Meet the Cerebras Wafer Scale Engine, the largest computer chip ever created
A California artificial intelligence start-up known as Cerebras Systems has unveiled the largest semiconductor chip ever manufactured. Cerebras revealed the “world’s largest computer chip” during a Hot Chips conference in California.
Dubbed the Cerebras Wafer Scale Engine (it sounds like the sort of thing which will eventually decimate humanity), it comes packing an astonishing 1.2 trillion transistors on a single chip. It’s different from other giant chips in that it is a single chip interconnected on one giant 46,225mm² wafer.
To help put its size into context, this is some 56 times larger than Nvidia’s largest chip, the Nvidia Tesla V100. Nvidia’s top-end GPU has 21.1 billion transistors and is 815mm². The Cerebras Wafer Scale Engine has 400,000 AI optimised cores, 18GB on-board memory, and is capable of 9PB/s memory bandwidth, which is bordering on insanity. That’s, er, 10,000 times the memory bandwidth of the Tesla V100.
It’s a record-breaker all right, although hardly on the cutting edge of processes in terms of its use of TSMC 16nm fabrication. That’s by the by though, as there are some immense technical challenges in terms of reliably manufacturing a chip of such vast size. Not least of which is yield issues, which requires a matured process in order to minimise defects.
“Designed from the ground up for AI work, the Cerebras WSE contains fundamental innovations that advance the state-of-the-art by solving decades-old technical challenges that limited chip size — such as cross-reticle connectivity, yield, power delivery, and packaging,” said Andrew Feldman, head of the team at Cerebras. He also claims the Wafer Scale Engine can deliver “hundreds or thousands of times the performance of existing solutions at a tiny fraction of the power draw and space.”
This is huge news in the AI industry although obviously nothing much more than a curio for gamers. The Cerebras Wafer Scale Engine is so far outside the realms of possibility for gaming it’s absurd, but for AI engineers such a mammoth chip could dramatically reduce the length of time it takes to train AI.
“Cerebras has made a tremendous leap forward with its wafer-scale technology, implementing far more processing performance on a single piece of silicon than anyone thought possible,” said Linley Gwennap, principal analyst at the Linley Group.

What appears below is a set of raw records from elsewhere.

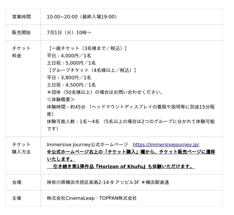 株式会社CinemaLeap(本社:東京都品川区、代表取締役:大橋哲也、以下:当社)が運営する大型 XR(クロスリアリティー)※エンタテインメント施設「IMMERSIVE JOURNEY」(イマーシブジャーニー)は、7月18日(金)より、「Horizon of Khufu」に続く、2作品目となる『Tonight with the Impressionists Paris 1874 -印象派画家と過ごす夜-』を公開いたします。公開に先駆けて7月1日よりチケットを、公式ホームページより販売開始いたします。なお、第2作公開後も、第1弾作品『Horizon of Khufu』を引き続きご体験いただけます。詳細は公式HPにてご確認ください。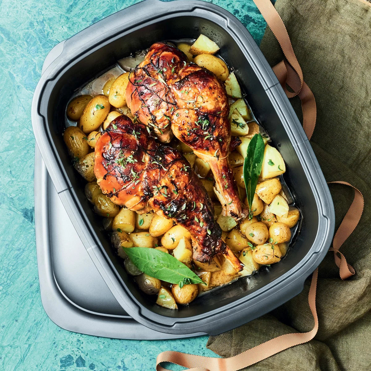 - 5,7L és 3,3L-es alj együtt, 1,2-es tetővel: Szeretnél egy sültet, libát vagy pulykát készíteni, vagy egyszerűen csak egy nagyobb adag finom levest? Nagyobb mennyiségű húsok mellett ajánljuk még pl. zöldségek elkészítéséhez. Kacsasütésénél a 3,3L-as aljat használhatjuk az 5,7L-es fedőjeként.
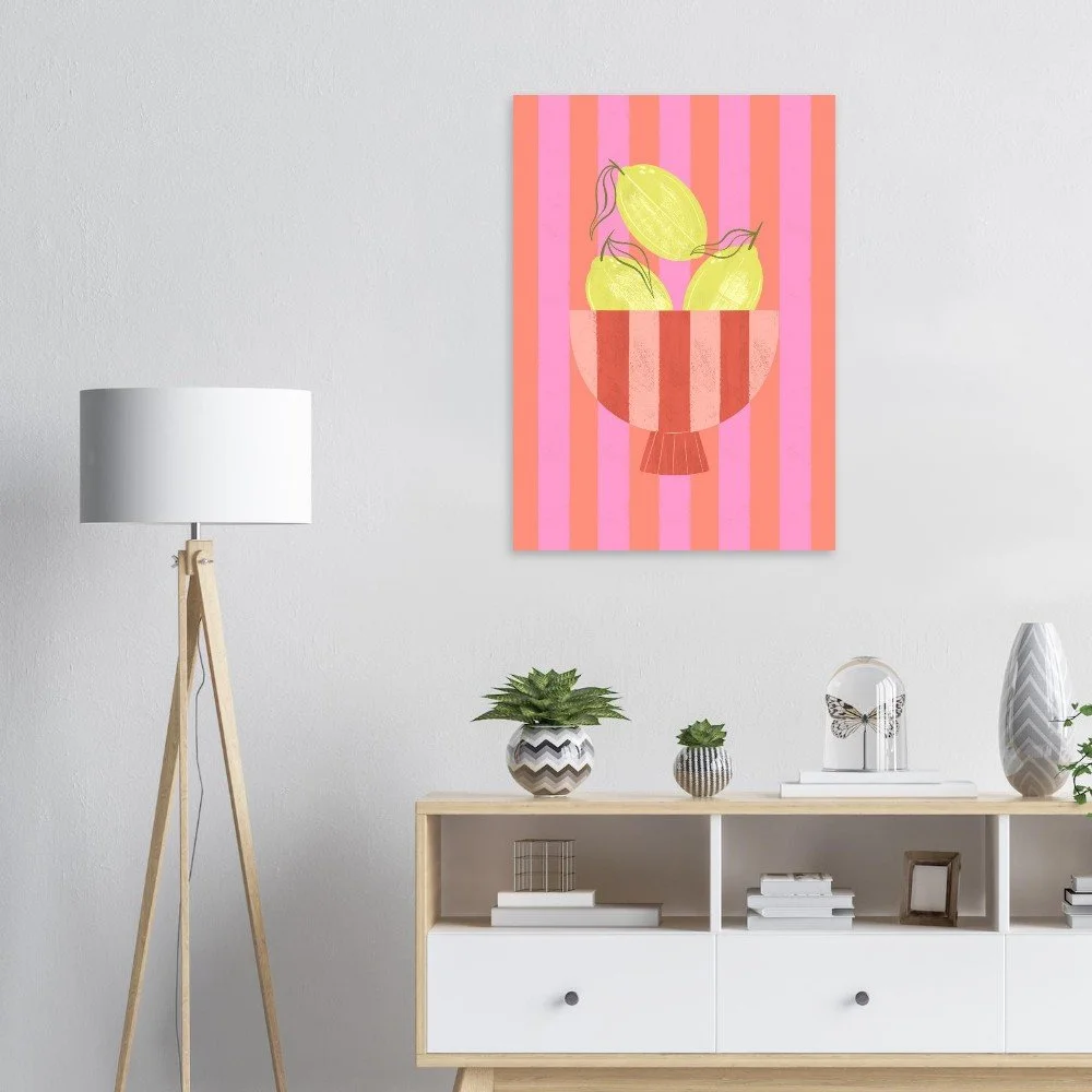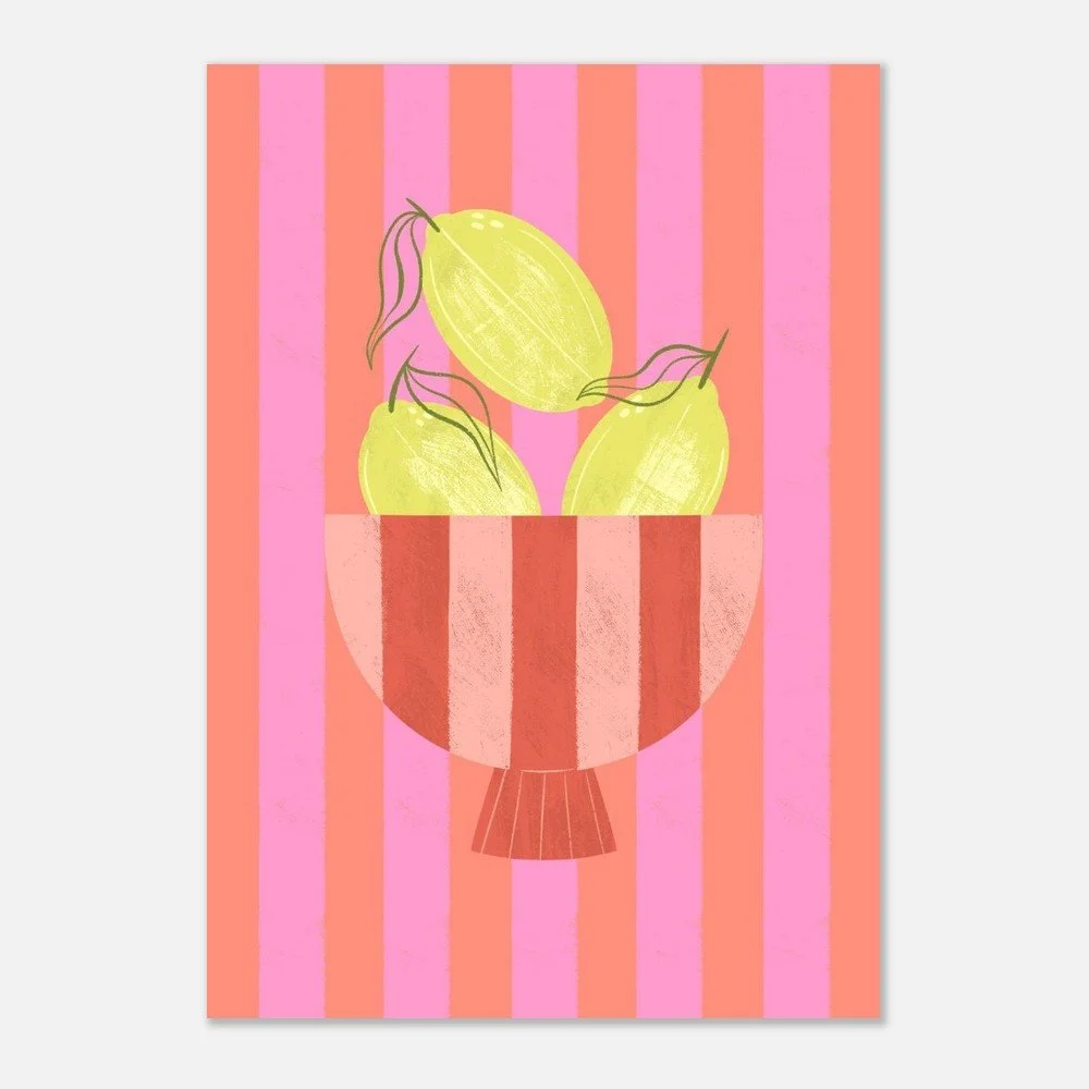 Elevate your space with Lemons in Bowl Art Print. Featuring vibrant lemons against a striking striped backdrop, this artwork adds a touch of elegance to any room. Printed on luxurious, heavyweight 200 gsm matte paper with a smooth, non-reflective finish, it offers a premium feel. Available in sizes A4, A3, A2, and A1, it's perfect for any wall space. All prints are sustainably sourced (FSC-certified paper) and printed on demand. Fulfilled in the UK, shipping is available worldwide.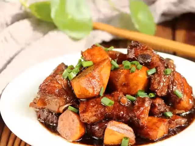 這道菜是用五花肉和茨菰一起燒的,我們燒紅燒肉還是習慣了這種顏色,如果你不喜歡顏色太深,可以減少老抽的用量,這道菜看似濃油赤醬,其實味道是咸鮮中帶有一絲的甜味。詳細做法;需要的食材;五花肉750克茨菰350克生抽4湯匙老抽2湯匙冰糖20克生薑少許料酒30毫升蔥花少許八角少許

“To accomplish this feat, the company has solved a set of vicious engineering challenges that have stymied the industry for decades, including implementing high-speed die-to-die communication, working around manufacturing defects, packaging such a large chip, and providing high-density power and cooling. By bringing together top engineers in a variety of disciplines, Cerebras created new technologies and delivered a product in just a few years, an impressive achievement.”